Délibération n° 2020-049 du 23 avril 2020 portant avis sur un cahier des charges pour la certification des services de coffre-fort numérique (demande d’avis n° 20003671)
La Commission nationale de l'informatique et des libertés,
Saisie par l’Agence nationale de sécurité des systèmes d’information (ANSSI) d’un cahier des charges pour la certification des services de coffre-fort numérique ;
Vu la convention n° 108 du Conseil de l’Europe pour la protection des personnes à l’égard du traitement automatisé des données à caractère personnel ;
Vu le règlement (UE) 2016/679 du Parlement européen et du Conseil du 27 avril 2016 relatif à la protection des personnes physiques à l’égard du traitement des données à caractère personnel et à la libre circulation de ces données, et abrogeant la directive 95/46/CE ;
Vu le code des postes et des communications électroniques, notamment son article L. 103 ;
Vu la loi n° 78-17 du 6 janvier 1978 modifiée relative à l’informatique, aux fichiers et aux libertés ;
Vu le décret n° 2018-418 du 30 mai 2018 relatif aux modalités de mise en œuvre du service de coffre-fort numérique ;
Vu le décret n° 2018-853 du 5 octobre 2018 relatif aux conditions de récupération des documents et données stockés par un service de coffre-fort numérique ;
Vu le décret n° 2019-536 du 29 mai 2019 modifié pris pour l’application de la loi n° 78- 17 du 6 janvier 1978 relative à l’informatique, aux fichiers et aux libertés ;
Vu la délibération n° 2013-270 du 19 septembre 2013 portant recommandation relative aux services dits de coffre-fort numérique ou électronique destinés aux particuliers ;
Vu la délibération n° 2018-102 du 15 mars 2018 portant abrogation des référentiels de labellisation ;
Sur la proposition de M. François PELLEGRINI, commissaire, et après avoir entendu les observations de Mme Nacima BELKACEM, commissaire du Gouvernement,
Émet l’avis suivant :
A titre liminaire, la Commission rappelle que le cadre juridique applicable aux services de coffre-fort numérique a été créé par la loi n° 2016-1321 du 7 octobre 2016 pour une République numérique.

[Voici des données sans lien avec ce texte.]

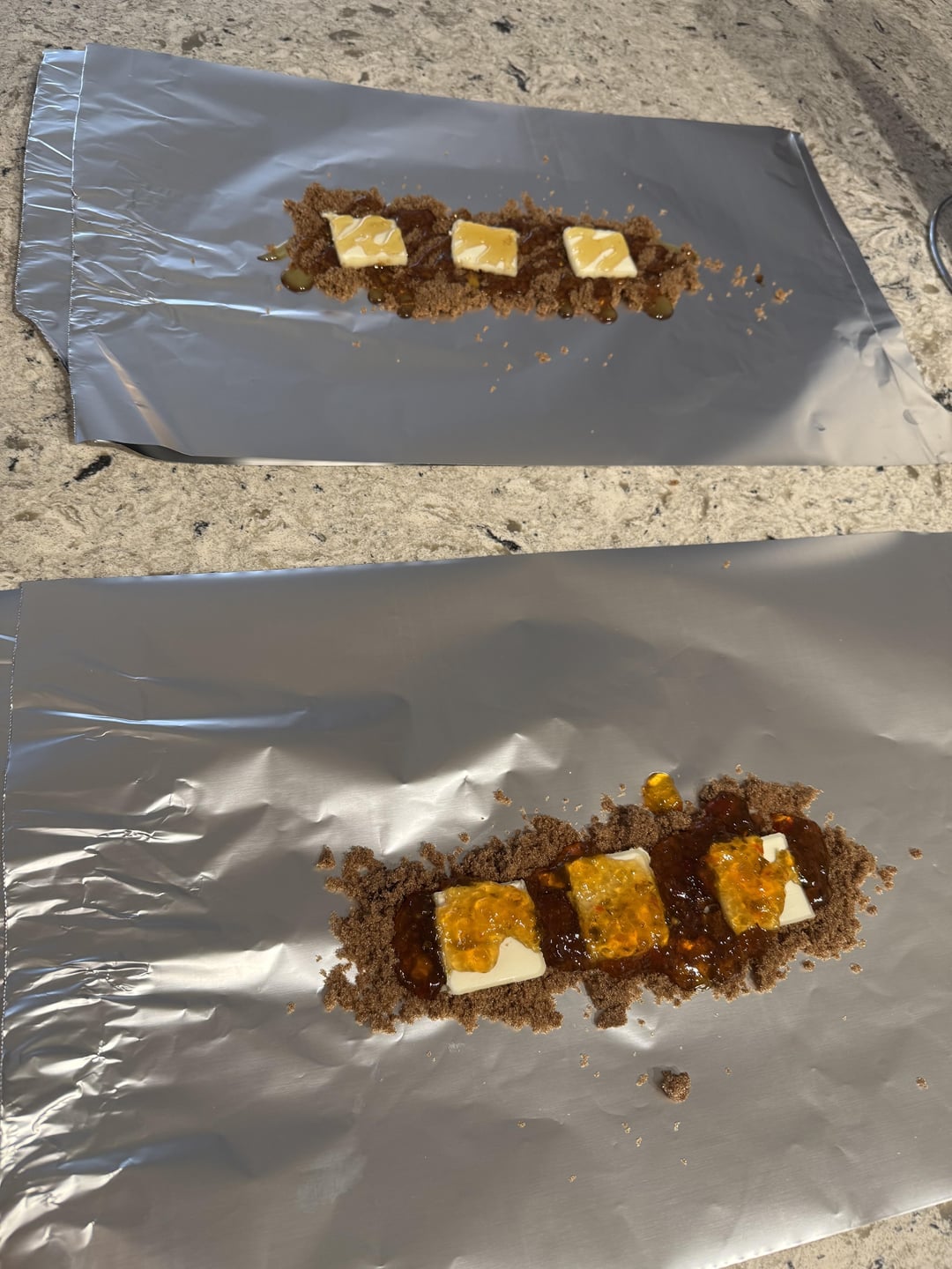Smoked at 275 for 2.5 hours, spritzed with apple juice at the 90 minute and 2 hour mark. Wrapped each in foil meat side down with brown sugar, butter, hot pepper jam (honey hog hot rack) and honey (honey pecan). Smoked for another 90 minutes meat side down.
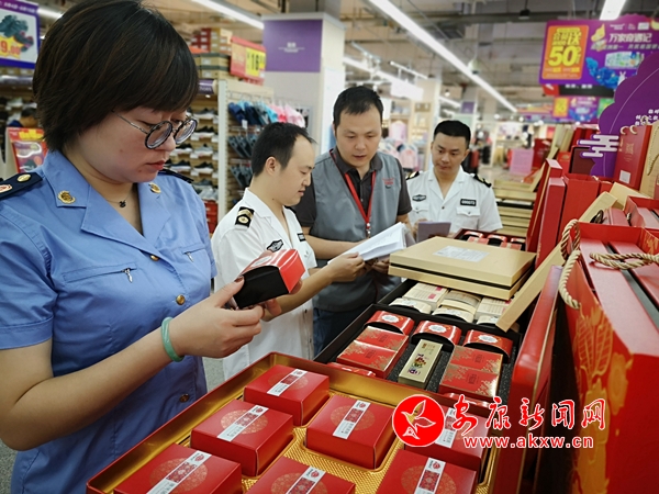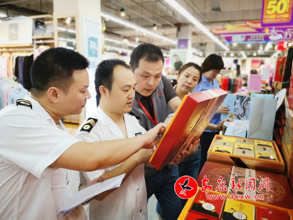 在各商超及月餅現(xiàn)場制售店,執(zhí)法人員嚴格檢查經(jīng)營戶是否證照齊全、月餅是否標明廠名、生產(chǎn)日期、保質(zhì)期等數(shù)據(jù),是否存在以次充好、摻雜使假等情況。同時指導(dǎo)督促月餅經(jīng)營者健全進銷貨臺賬、索證索票制度,從源頭上把好月餅質(zhì)量關(guān)。
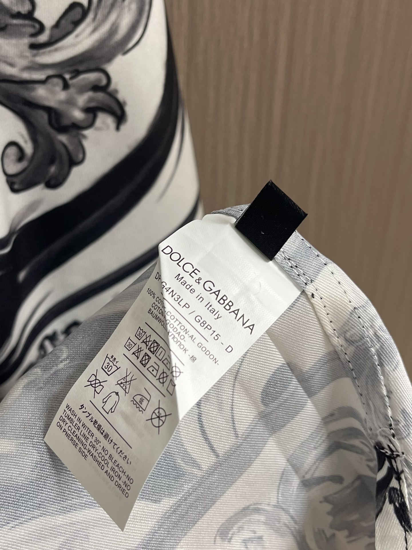这款衣服是AAAAA 1:1 质量 (非常棒). 使用了和原版一模一样的材料. 商标部分也保持了和杜嘉班纳/Dolce&Gabbana一样. 图片拍摄是实物衣服拍摄, 您所收到的实物保证和我们图片一模一样.
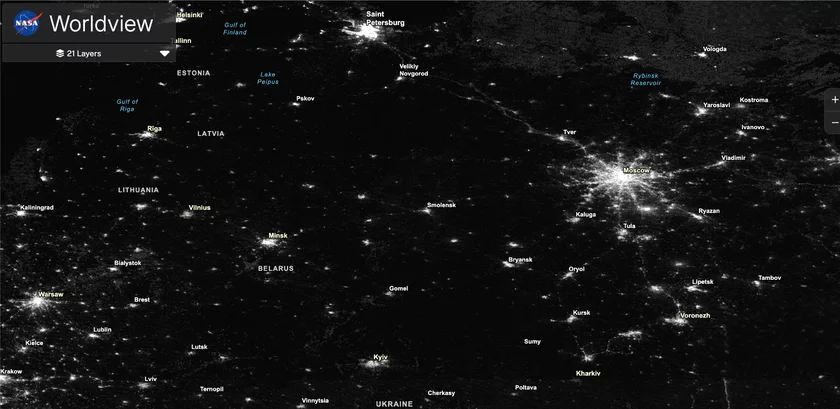 На ночных снимках из космоса видно, что Минск освещен ярче, чем Вильнюс, но менее ярко, чем Варшава и, особенно, Москва.
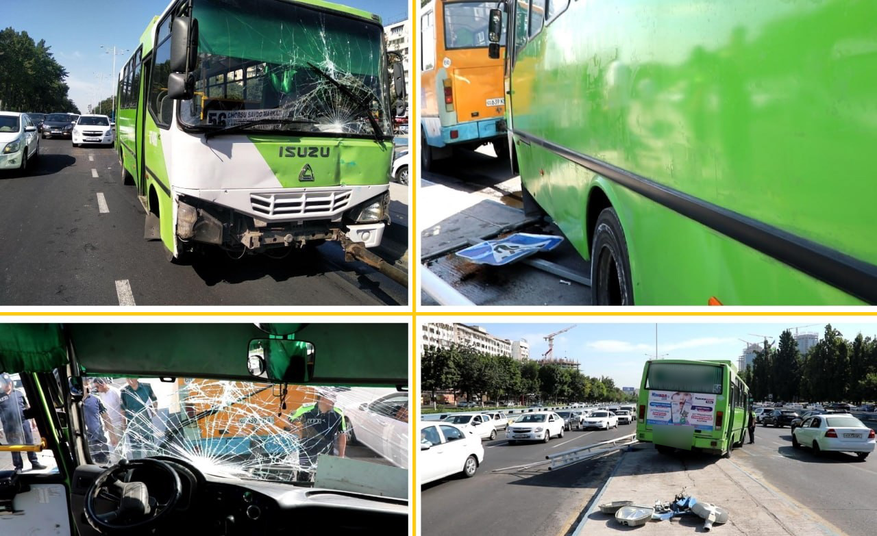 “Isuzu” rusumli avtobus rul boshqaruvini yoʻqotib, yoʻl chetidagi metall yoritgich ustunig...
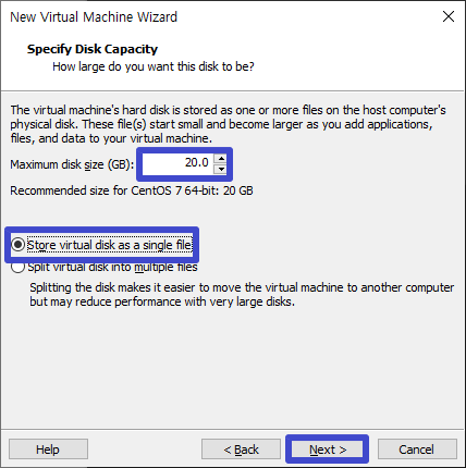 연습용으로 하는 것이기에 디스크 용량은 20.0 GB를 선택하였으며 Store virtual disk as a single file 선택 후 Next.
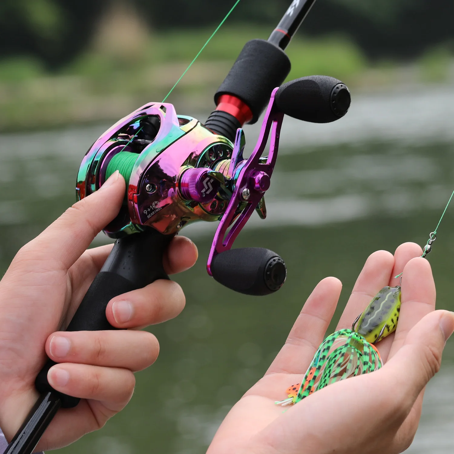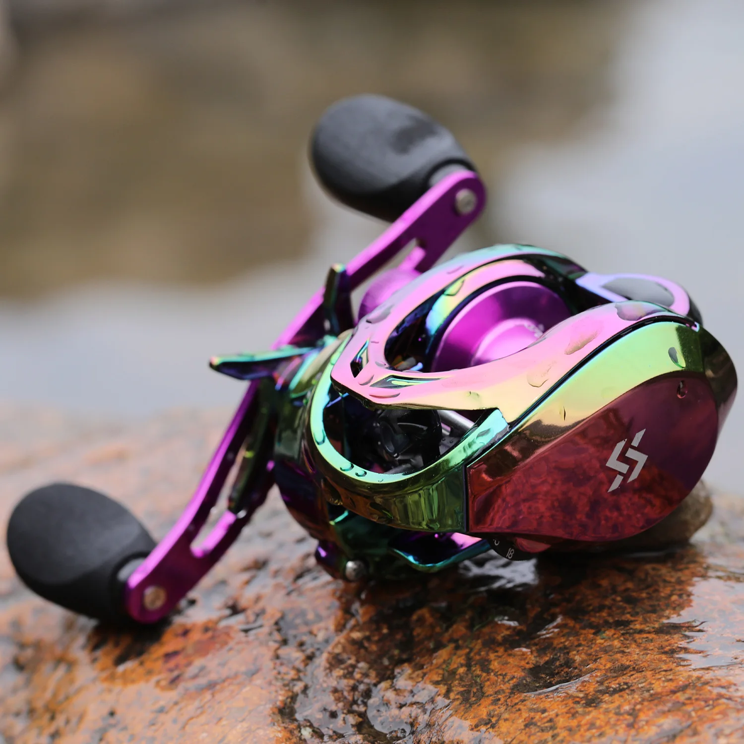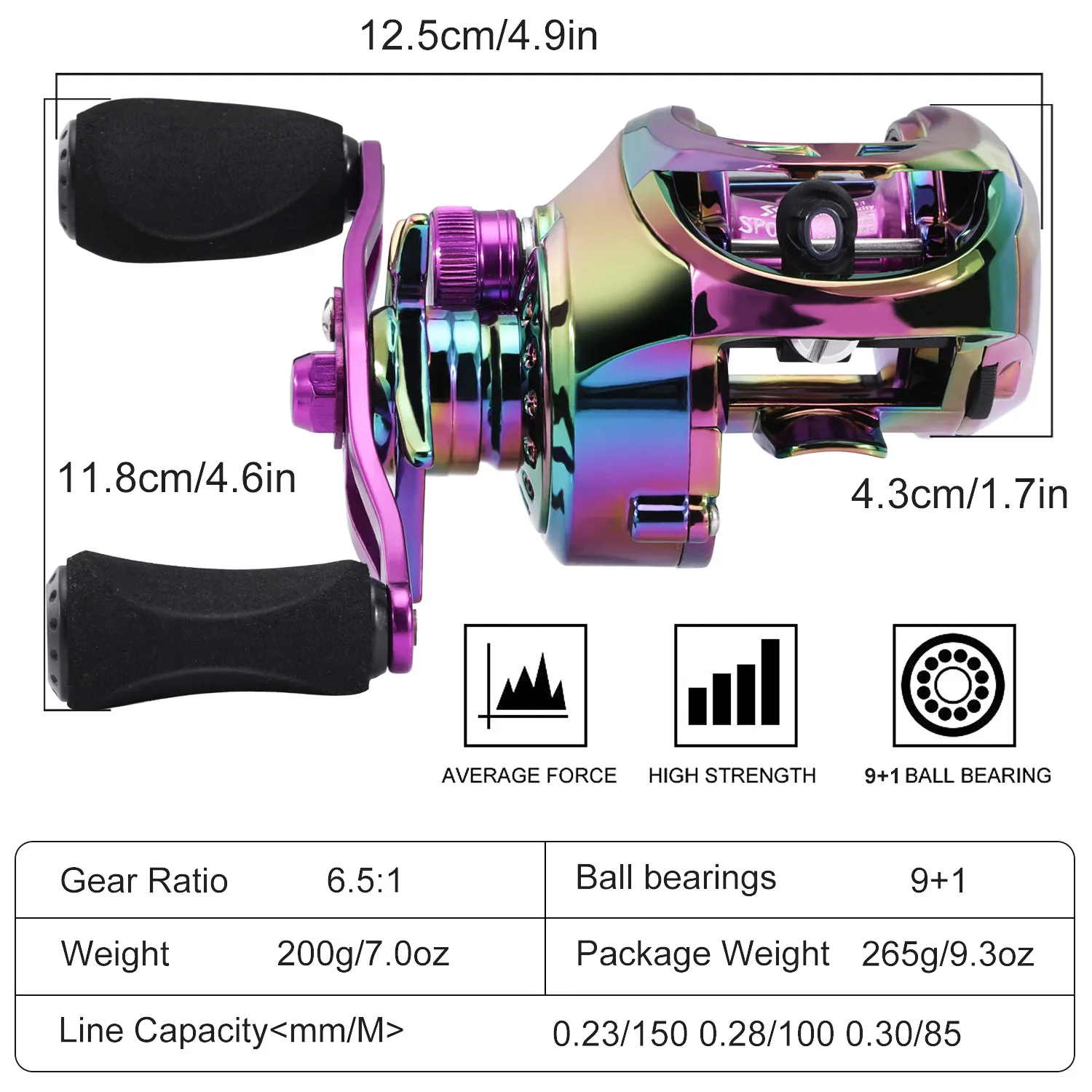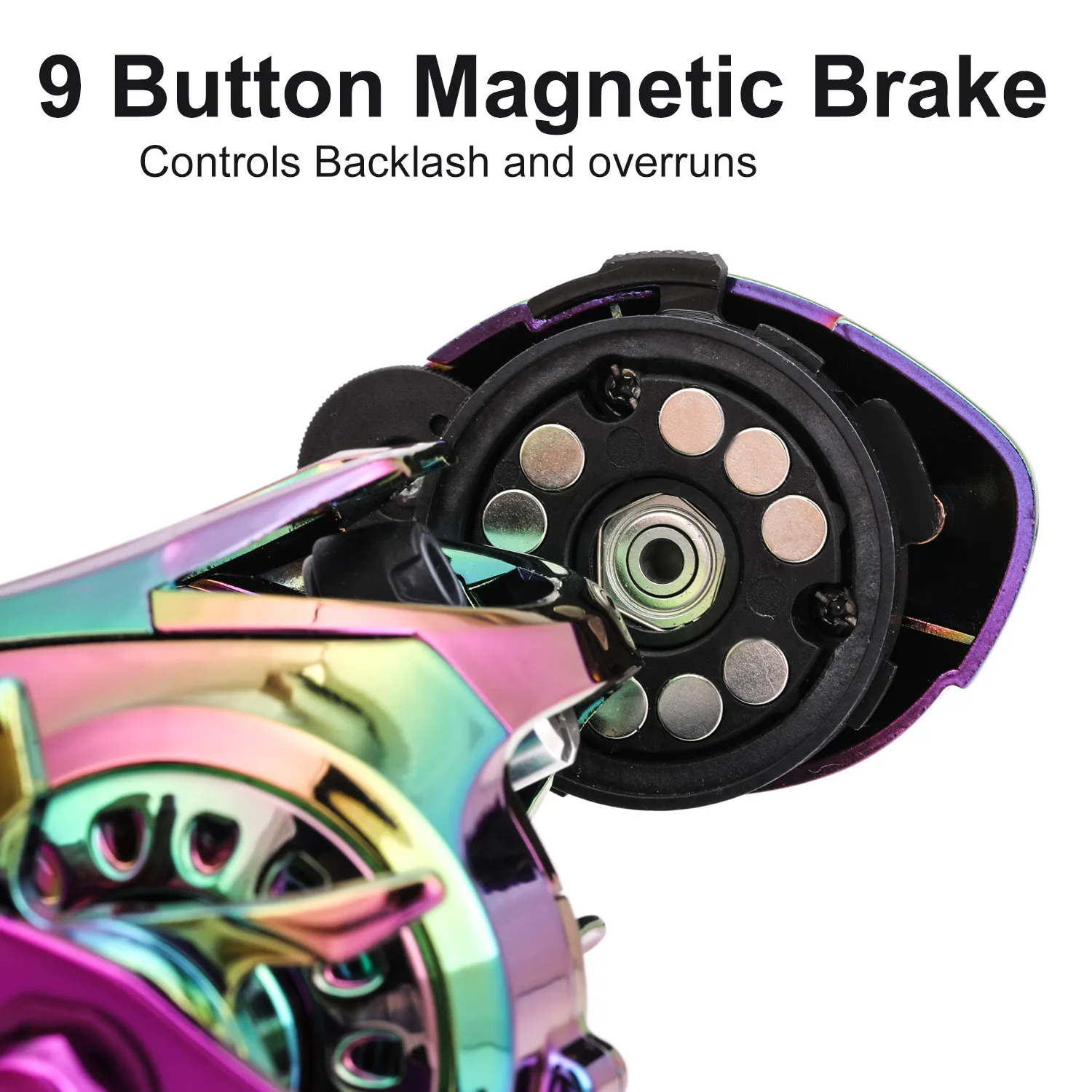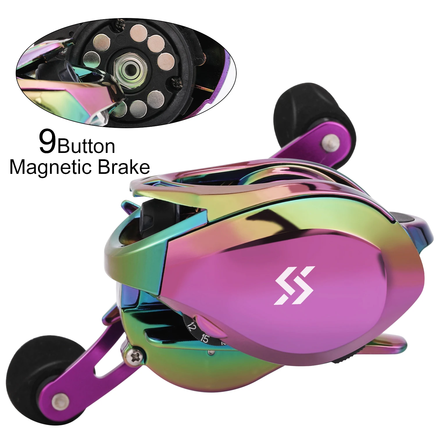 Sougayilang Colorido Baitcasting Carrete 9 + 1BB 6,5: 1 Relación de engranaje Sistema de freno magnético Rueda de pesca Max Drag 17.6LB Carrete de pesca
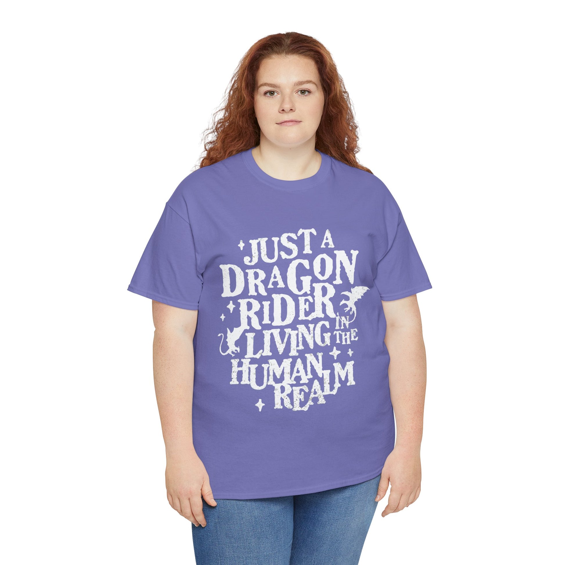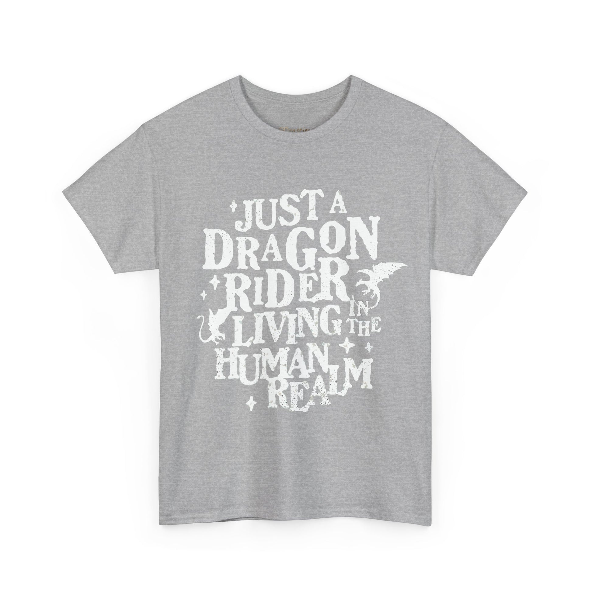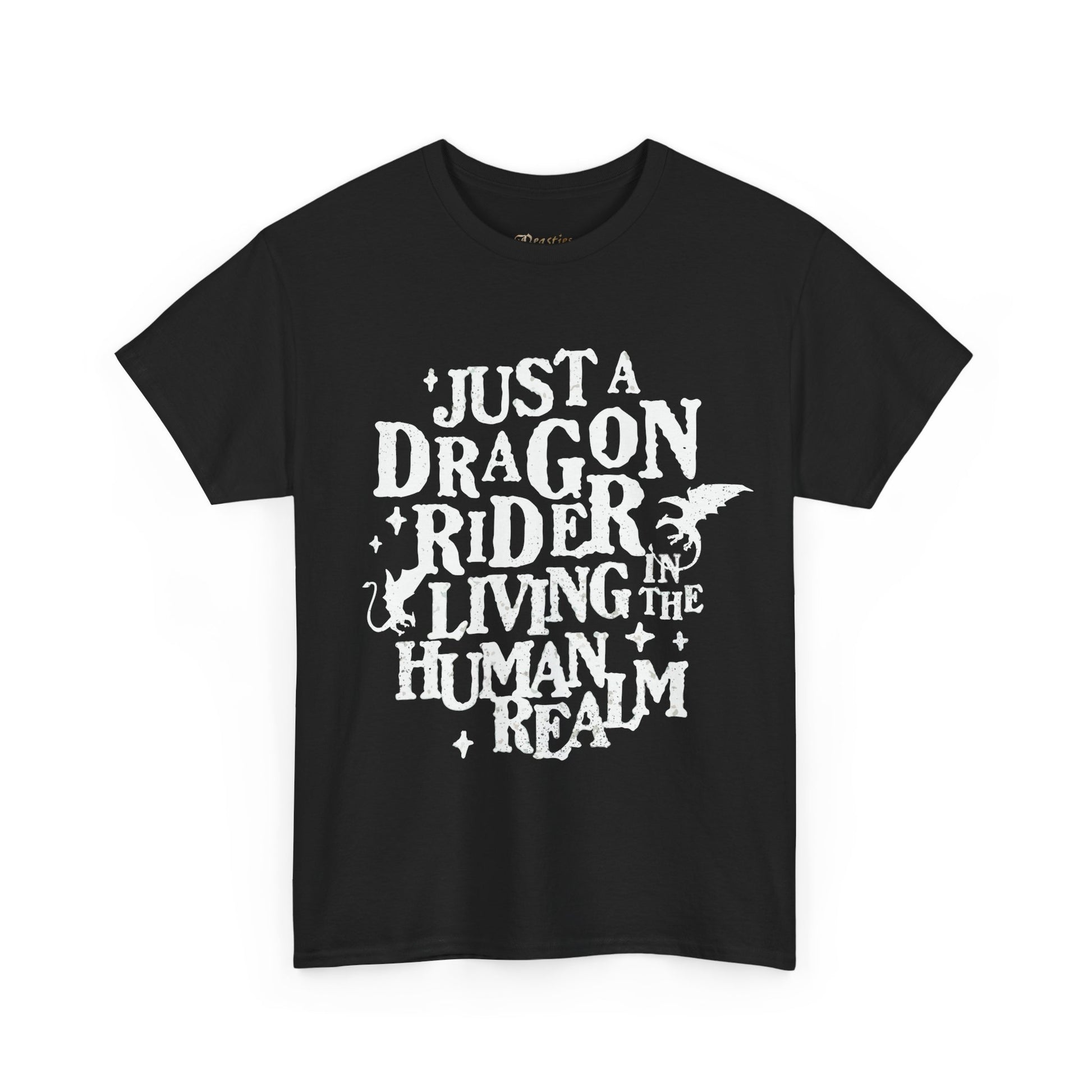 A soft, timeless tee that speaks to anyone who prefers dragon flights over rush-hour traffic. The bold, hand-drawn lettering reads “Just a Dragon Rider Living in the Human Realm,” surrounded by tiny stars and a small dragon silhouette — a subtle badge for fantasy lovers who live between pages and day-to-day life. Worn alone or layered under a jacket, this shirt adds a whisper of magic to everyday routines, whether you’re heading to a convention, a casual meetup, or curling up with a favorite fantasy novel. The medium-weight cotton holds prints crisply and wears in comfortably, so the design stays vibrant through many adventures.

Le I de l’article 87 de la loi précitée, codifié à ce jour à l’article L. 103 du code des postes et des communications électroniques (CPCE), prévoit ainsi les caractéristiques nécessaires pour qualifier un service de coffre-fort numérique et la possibilité pour un service de coffre-fort numérique de bénéficier
d’une certification par l’Etat. Il est prévu que les modalités de certification des services de coffre-fort numérique soient définies par un décret en Conseil d’Etat pris après avis de la Commission conformément à l’article L. 103 du CPCE, lequel fait l’objet d’un avis distinct.
Elle relève que le cahier des charges qui lui est soumis pour avis fixe les exigences de sécurité que doit remplir un service de coffre-fort numérique pour bénéficier d’une certification par l’ANSSI. La Commission rappelle que le fournisseur d’un service de coffre-fort numérique devra également s’assurer de sa conformité à la réglementation relative à la protection des données à caractère personnel.
Elle rappelle également qu’elle s’est prononcée à plusieurs reprises sur les services de coffre-fort numérique, et ce dès 2013, en adoptant une recommandation relative aux services dits de coffre-fort numérique ou électronique destinés aux particuliers (délibération n° 2013-270 du 19 septembre 2013) et dans un avis sur deux projets de décrets portant application de l’article 87 de la loi n° 2016-1321 du 7 octobre 2016 pour une République numérique relatif au service de coffre-fort numérique (délibération n° 2017-178 du 1er juin 2017).
Ces éléments généraux rappelés, le cahier des charges appelle les observations suivantes de la part de la Commission :
En premier lieu, la Commission rappelle que son activité de labellisation a pris fin avec l’entrée en application du règlement européen sur la protection des données à caractère personnel susvisé et que le référentiel pour la délivrance de labels en matière de services de coffre-fort numérique, adopté par la délibération n° 2014-017 du 23 janvier 2014, a été abrogé par la délibération n° 2018-102 susvisée. Dans ce contexte, elle demande dès lors que le cahier des charges, notamment son annexe 2, soit mis à jour au regard de cette évolution. La Commission rappelle à cet égard que la délibération n° 2013-270 du 19 septembre 2013 portant recommandation relative aux services de coffre-fort numérique demeure en vigueur et constitue un cadre de référence en la matière.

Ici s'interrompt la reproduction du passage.